Data exists in almost every facet of our lives, and understanding these data sources is crucial to getting the most out of the information made available. While analysts can truly delve into their datasets and get the most insight from them, most of us need a visual component to better understand these analytics. That’s where charts and graphs come to gain a better understanding of these facts. A spline chart is just one of the templates that allow for better data visualization.
Understanding Spline Charts
You may have heard of a line chart, but what is a spline chart? It’s actually a line chart that uses curves instead of straight lines. It is designed to emphasize trends over a particular time period but in a smoother and more gradual way. Spline charts are a clear, easy way to provide a graphical representation of one or more time-dependent variables. A spline is the name for this curve made up of two or more polynomial curves joined together. These are used in multiple ways now, especially for computer-aided design (CAD) systems.

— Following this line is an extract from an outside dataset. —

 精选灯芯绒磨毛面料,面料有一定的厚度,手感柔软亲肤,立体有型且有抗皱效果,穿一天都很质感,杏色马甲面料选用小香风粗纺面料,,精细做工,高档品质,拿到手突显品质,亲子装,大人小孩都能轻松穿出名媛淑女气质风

There are different varieties of spline charts. A spline area chart, for example, is a mapped area chart colored in to pinpoint multiple variables, resembling mountains to illustrate these concepts. A multiple spline chart graphs a number of variables. While they all must be related and mapped on the same scale, this helps to show comparisons in datasets. Range spline area charts show two closely related variables mapped onto the same chart. This is the best approach for showing maximums and minimums within this information. Lastly, there is the stacked spline area chart that allows viewers to follow fluctuations of related variables.
Why use these charts?
A spline chart is used because it’s much more fluid than a normal line chart. This natural-looking curve is not only more natural-looking, but it plots data to show those smooth and gradual changes. This is used to develop insights and analytics within a certain frame. Those illustrating this data can plot time along the X-axis and the variable of interest on the Y-axis to show clear trajectories. Splines cover almost any industry to show off subtle differences that a straight-line graph might not be able to convey. This makes spline charts far more accurate.

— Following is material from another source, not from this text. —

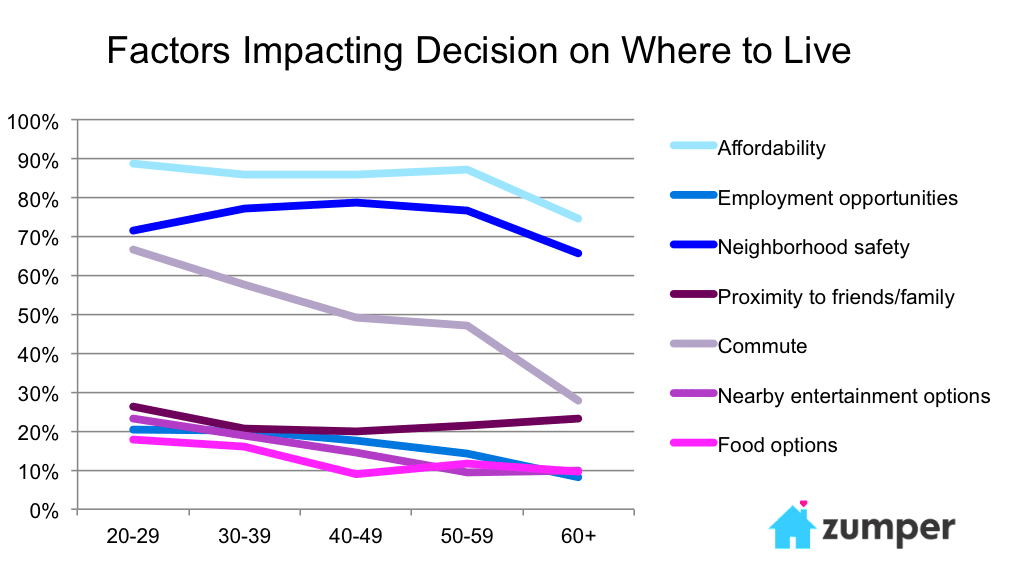 Demographic changes have contributed heavily to the downturn in homeownership. The percentage of Americans living in cities has steadily been climbing over the past few decades, where homeownership rates are typically lower. Our survey results also suggest that age is a large determinant on the factors that impact where renters moved.

Having multiple lines on a chart allows viewers to easily see the differences in chart data between related variables to spot patterns. A retailer may turn to these charts to monitor sales of particular products over time across different branches. Each branch would have its own spline, making it easy to spot trends like seasonal variation or success from one location compared to another. While a line chart can show off the sales of a certain dollar amount reached, a spline chart provides more of an impression as it relates to the development of those sales over a set time frame.

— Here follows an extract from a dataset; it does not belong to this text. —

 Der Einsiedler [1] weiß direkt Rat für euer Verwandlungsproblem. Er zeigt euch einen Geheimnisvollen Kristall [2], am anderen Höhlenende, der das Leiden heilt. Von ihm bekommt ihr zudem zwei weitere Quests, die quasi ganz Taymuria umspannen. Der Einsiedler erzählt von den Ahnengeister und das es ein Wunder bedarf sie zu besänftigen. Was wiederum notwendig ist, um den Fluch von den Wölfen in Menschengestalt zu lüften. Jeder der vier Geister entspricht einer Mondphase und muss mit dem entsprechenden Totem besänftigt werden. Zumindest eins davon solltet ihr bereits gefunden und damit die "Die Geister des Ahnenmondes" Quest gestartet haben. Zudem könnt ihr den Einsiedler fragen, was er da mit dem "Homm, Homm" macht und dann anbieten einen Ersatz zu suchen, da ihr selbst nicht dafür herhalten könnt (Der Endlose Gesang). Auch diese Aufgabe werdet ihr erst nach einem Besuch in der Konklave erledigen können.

Best Practices for Splines
Data analysts have a number of standard practices to follow in order to create an effective spline chart. With a clear title, viewers are able to easily garner what the information they are about to see refers to. Any new chart should have clearly labeled axes, starting at zero with an even scale. Splines should also use markers to plot exact values along the curve, making for a clear way to pinpoint the exact facts a particular viewer may be seeking.
Be sure to use a strategy when it comes to your datasets to make sure that information is not misrepresented by the spline. The last thing you want is a lack of clarity when presenting findings, especially when looking to make better business decisions.